Di bawah pengaruh pandemi COVID-19, permintaan akan layanan pusat data kuat, mendorong operator jaringan pusat data untuk terus berinvestasi dalam ekspansi kapasitas. Diprediksi dari 2020 hingga 2024, belanja modal penyedia layanan cloud dan terkelola harus tumbuh pada tingkat pertumbuhan tahunan majemuk (CAGR) sebesar 15,7%, dan mencapai 180 miliar dolar AS pada akhir periode perkiraan.
Analis Alan Howard mengatakan: "Berdasarkan bukti dan data yang tersedia, belanja modal pusat data akan terus tumbuh untuk memenuhi permintaan yang diharapkan. Namun, tren investasi di segmen pasar yang berbeda tidak bergerak maju dengan lancar. Misalnya: Pengeluaran infrastruktur TI dipengaruhi oleh siklus pembaruan, peraturan perdagangan, dan masalah rantai pasokan; infrastruktur fisik juga dipengaruhi oleh siklus konstruksi, ketersediaan ruang pusat data, dan waktu penyebaran peralatan TI."

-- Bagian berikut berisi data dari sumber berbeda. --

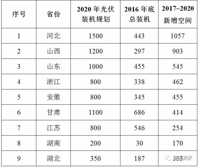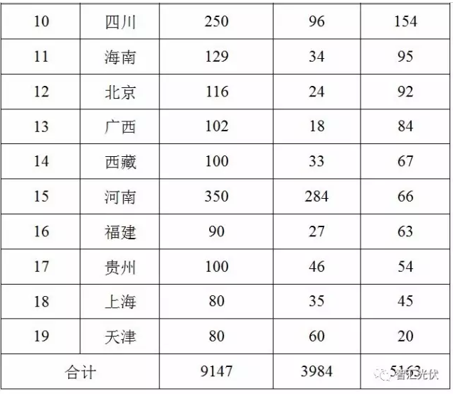 表:全國各省“十三五”光伏規(guī)劃容量統(tǒng)計(單位:萬kW)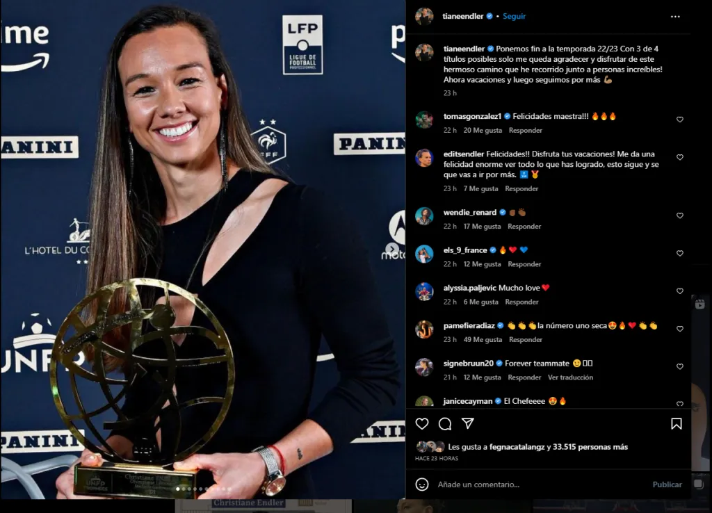 “Ponemos fin a la temporada 22/23. Con 3 de 4 títulos posibles solo me queda agradecer y disfrutar de este hermoso camino que he recorrido junto a personas increíbles”, comenzó diciendo Endler.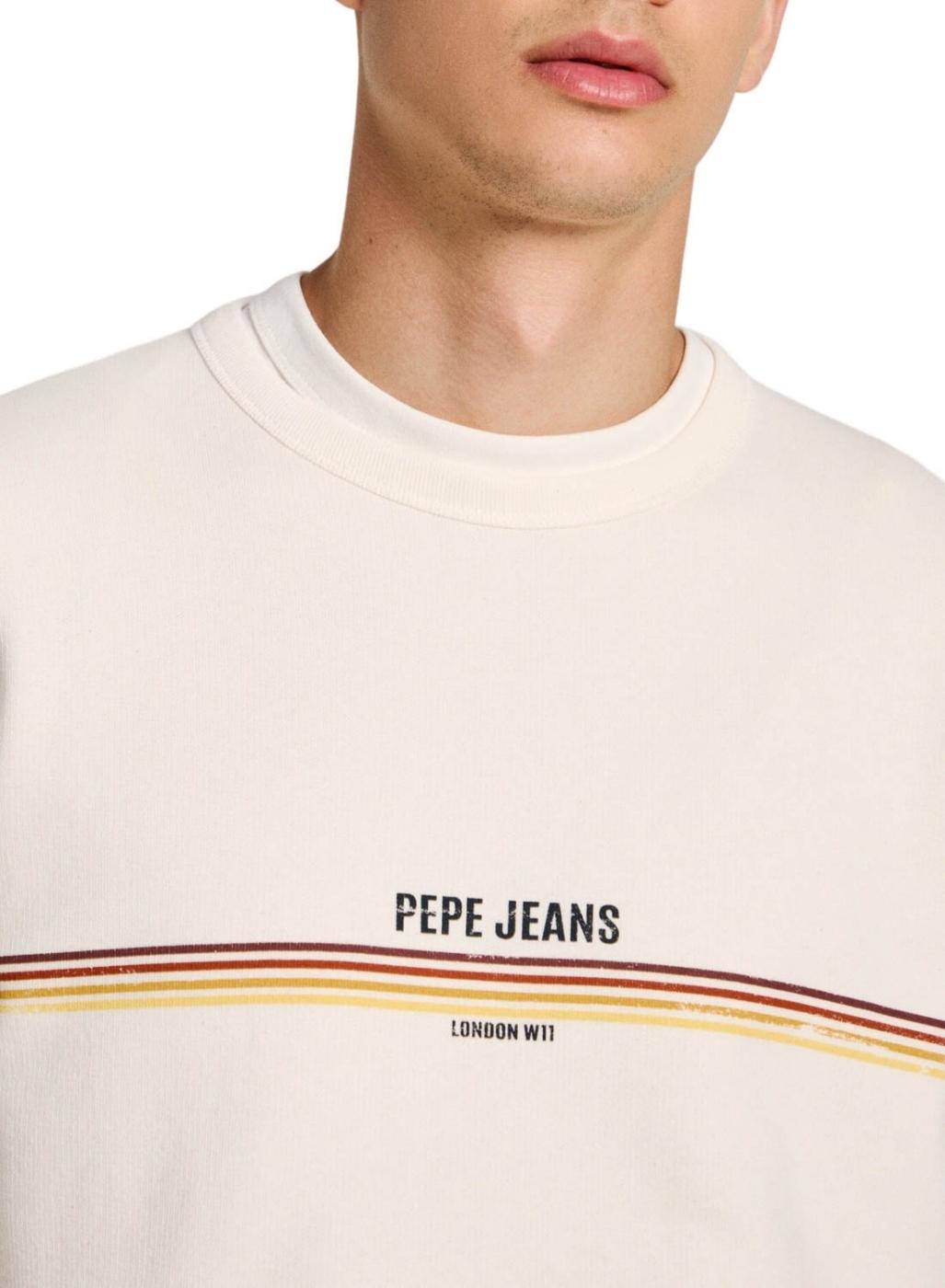 Camisola Pepe Jeans. Modelo Sander. Branco quebrado. Gola redonda. Ajuste folgado. Marca estampada. Listras multicoloridas no peito.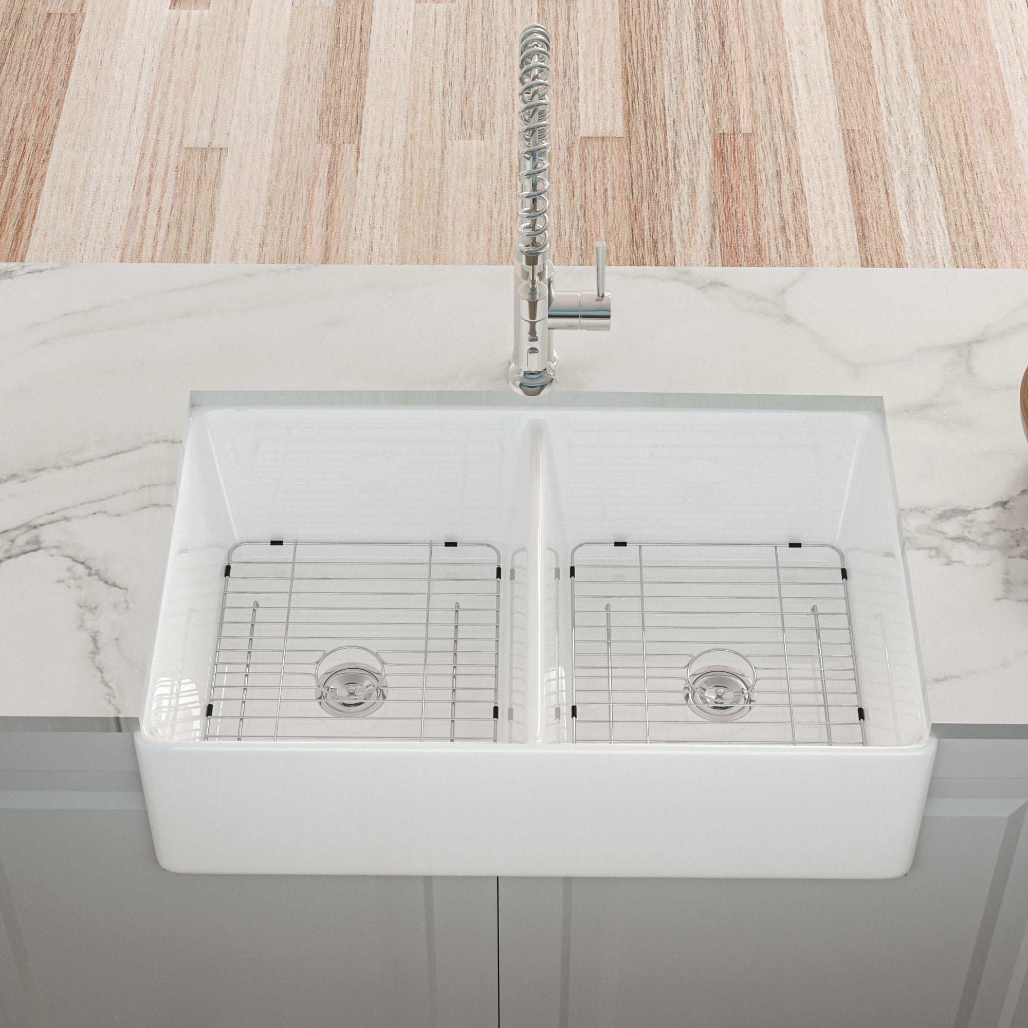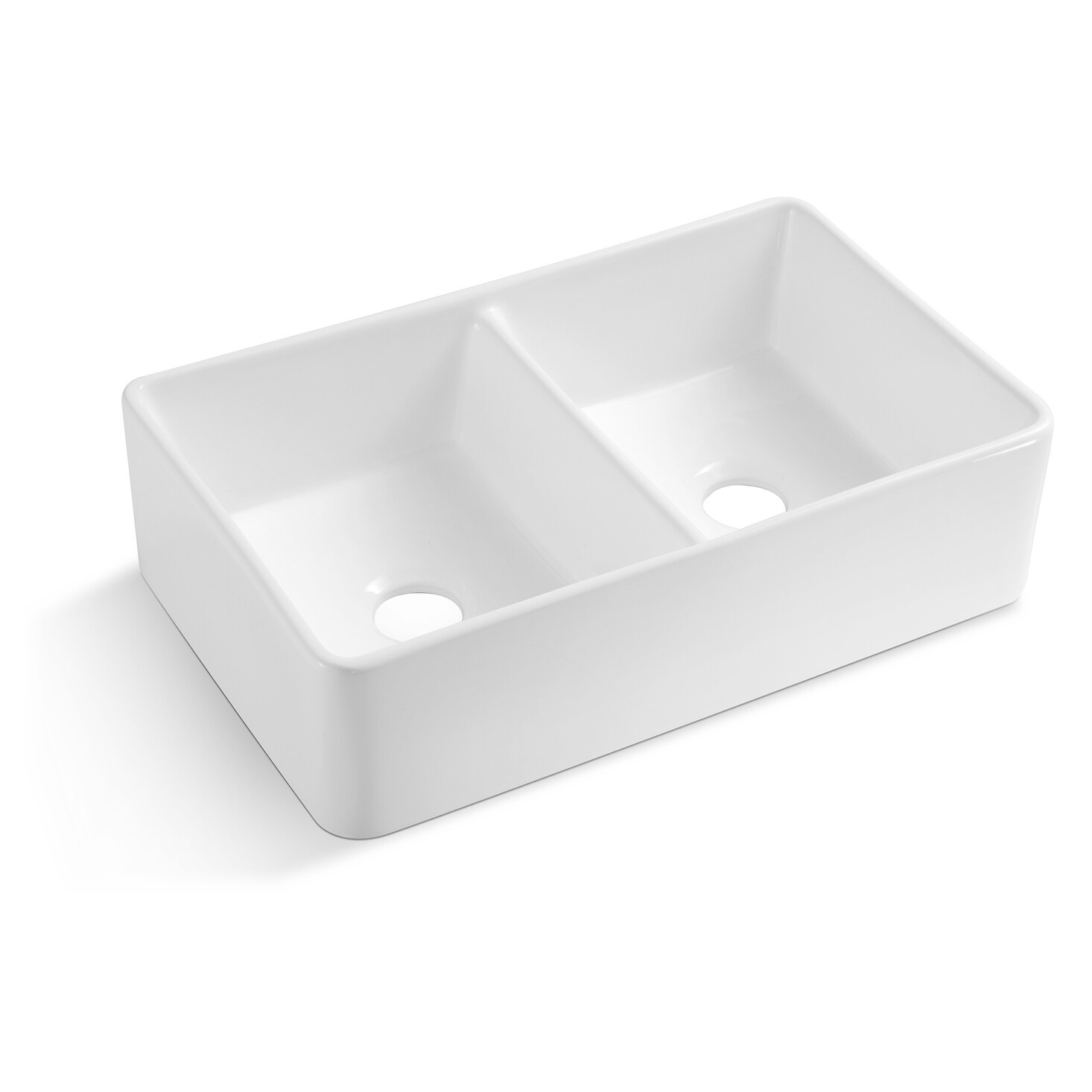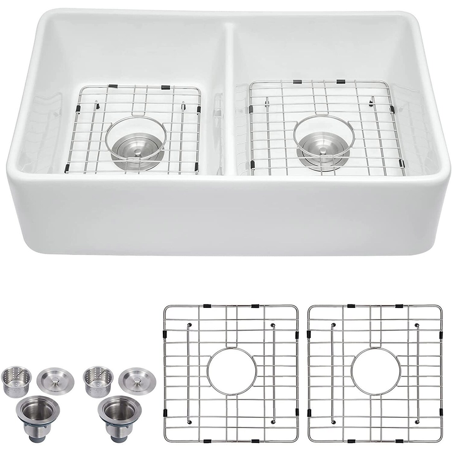 32" L x 20" W Double Basin Farmhouse Kitchen Sink with Basket Strainer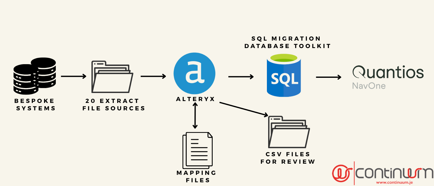 Our client is a trust company rapidly growing by acquisition, and in each previous case used Alteryx to perform the all important data migrations to their Quantios NavOne database.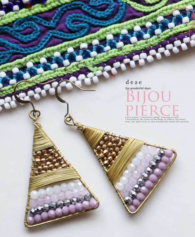 ピアス 金属アレルギー対応 三角 煌めく ビジュー ハンドメイド 手作り エスニック トライバル 大人ナチュラル オリエンタル レディース ファッション 春 夏 秋 冬 オールシーズン 「耳元に煌めくアクセント 揺れる三角のピアス」【dz10192】 | deae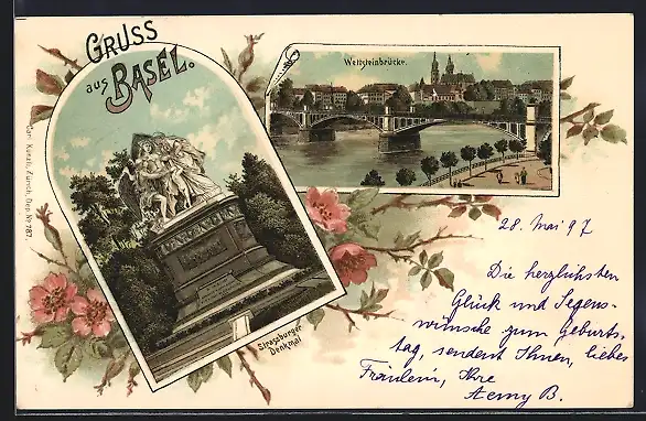 Lithographie Basel, Strassburger Denkmal, Wettsteinbrücke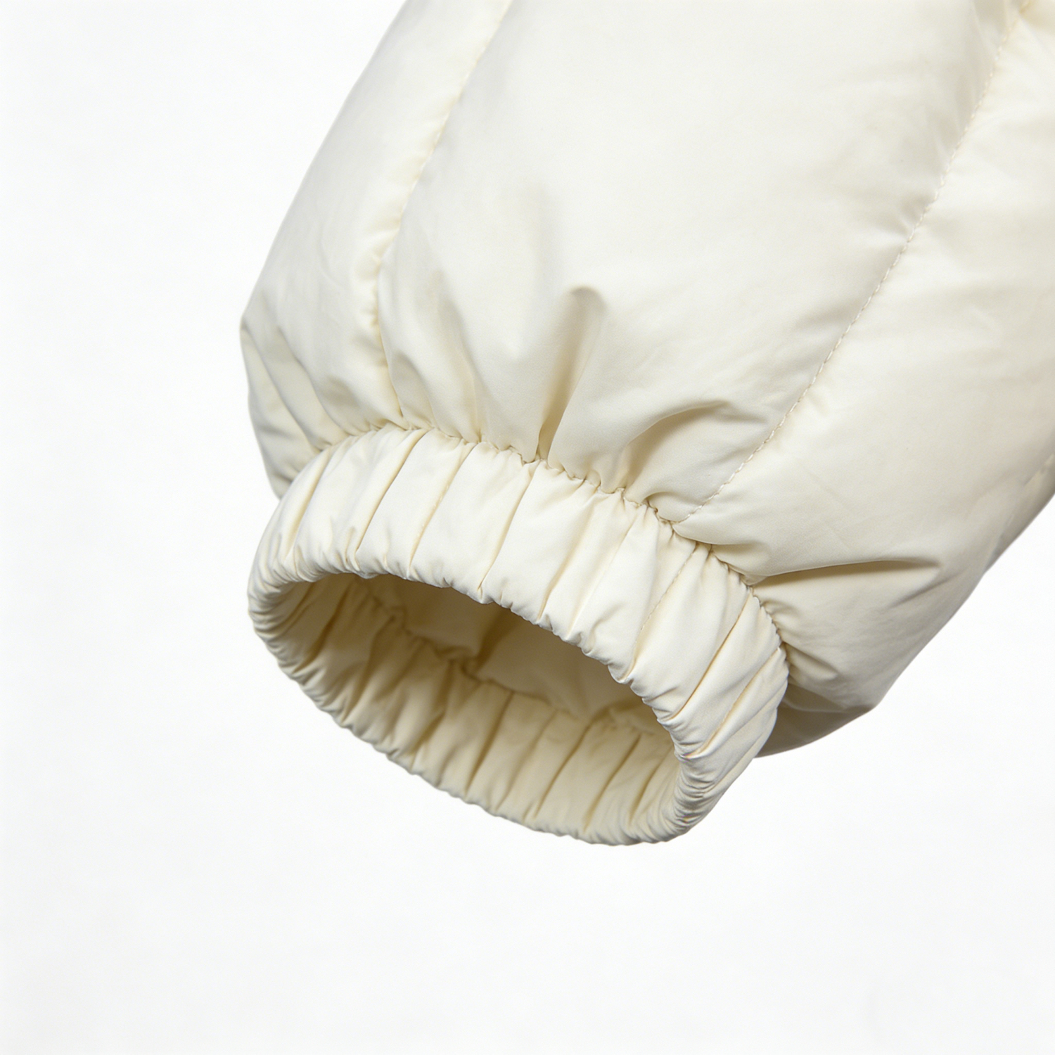 edge is finished with clean, reinforced stitching that aligns with the jacket’s structured quilting lines, preventing fraying and
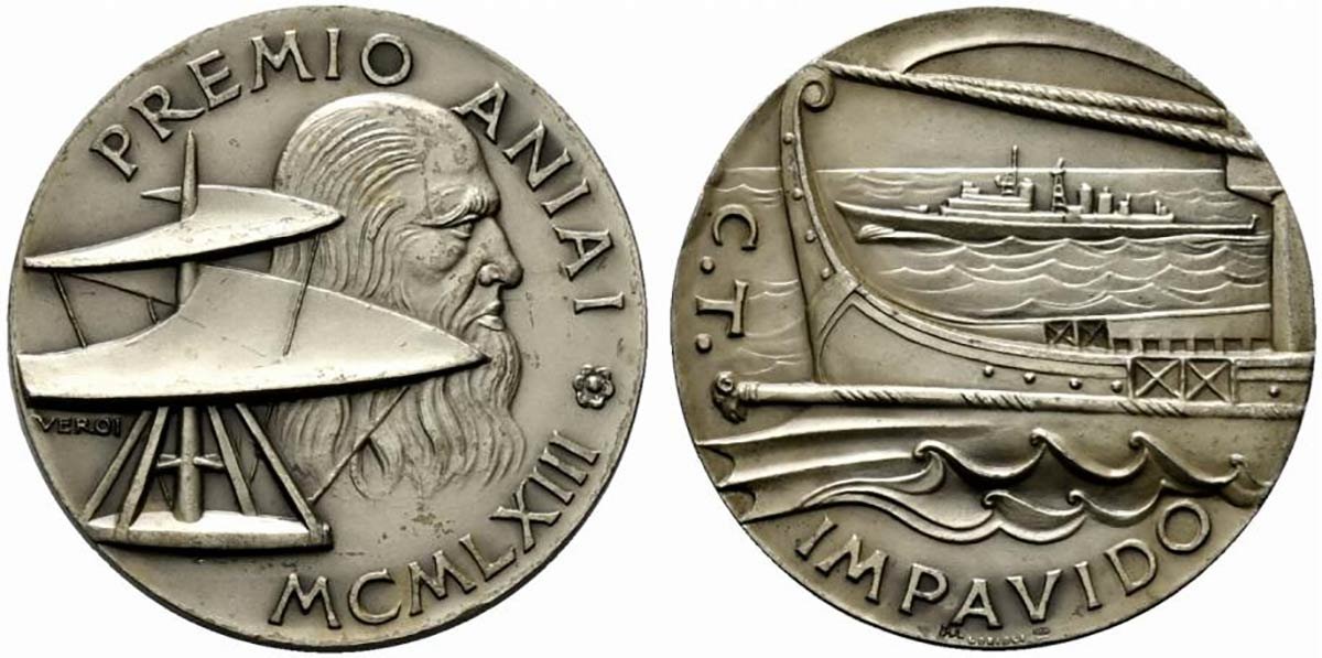 Verso: Tra rami di alloro e quercia: C.H.I.O. = DI ROMA = 1954 = PREMIO = DELLE NAZIONI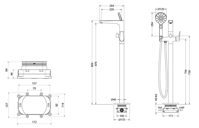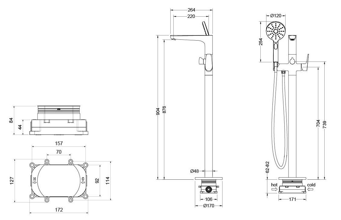 Смеситель напольный для ванны Aquatek Бетта AQ1145BGM шлифованный чёрный хром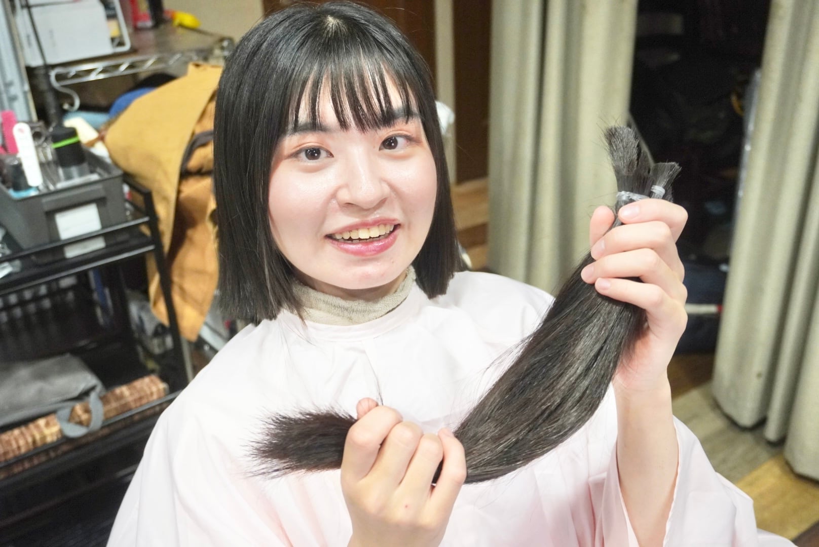 切った髪束は32cm〜35cm弱あり、モデル様念願のヘアドネーションに挑戦しました。
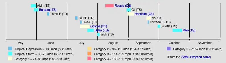 Tropical Storm Kiko (2007)Hurricane Henriette (2007)Hurricane Flossie (2007)Tropical Storm Dalila (2007)Hurricane Cosme (2007)Tropical Storm Barbara (2007)Saffir–Simpson scale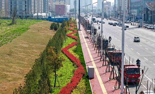 4月1日,平安大道西环路至四矿路区间路面平整畅通、整洁有序,道路两侧新栽种的绿植生机盎然,为城市增添春意,整体面貌焕然一新。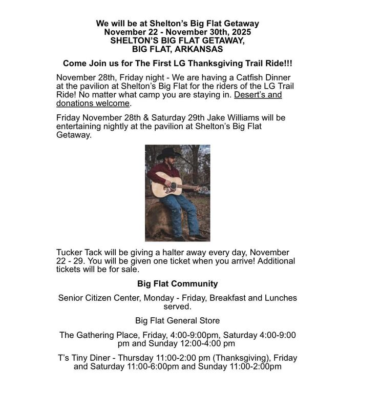 Thanksgiving Trail Ride at Shelton's Big Flat Getaway! Website sheltongetaway.com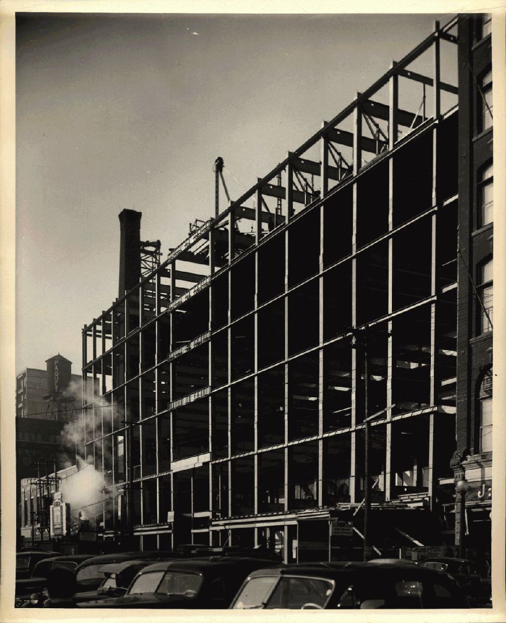 Quartier Saint-Roch - Boulevard Charest - La Compagnie Paquet Limitée - Édifice en construction, décembre 1948, Archives nationales à Québec, Fonds Paquet-Le Syndicat inc, (03Q,P726,S44,P56), Photo Moderne, Enrg. Photographie Commerciale et Aérienne Quebec.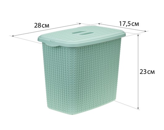 175x280x230 мм Контейнер для стирального порошка "ВЯЗАНИЕ" изготовлен из высококачественного пластика. Можно высыпать стиральный порошок в контейнер или хранить в нем моющие средства. Сверху он закрывается надежной крышкой. Текстура поверхности напоминает вязаный трикотаж. Контейнер вместителен и не позволит просочиться влаге.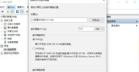 2、在計算機管理窗口中,先點擊存儲下的磁盤管理,再點擊頂部工具欄操作,在打開的下拉菜單項中,選擇創建 VHD。

Terlepas dari keterbatasan potensial ini, sebagian besar belanja modal dihabiskan untuk peralatan TI, termasuk server, penyimpanan, dan jaringan dan peralatan lainnya, dan peralatan infrastruktur fisik. Diharapkan kategori IT akan menyumbang 71,5% dari total belanja modal tahun ini, sedangkan peralatan infrastruktur fisik akan menyumbang 19,5%, dan belanja lahan dan konstruksi akan menyumbang 9%.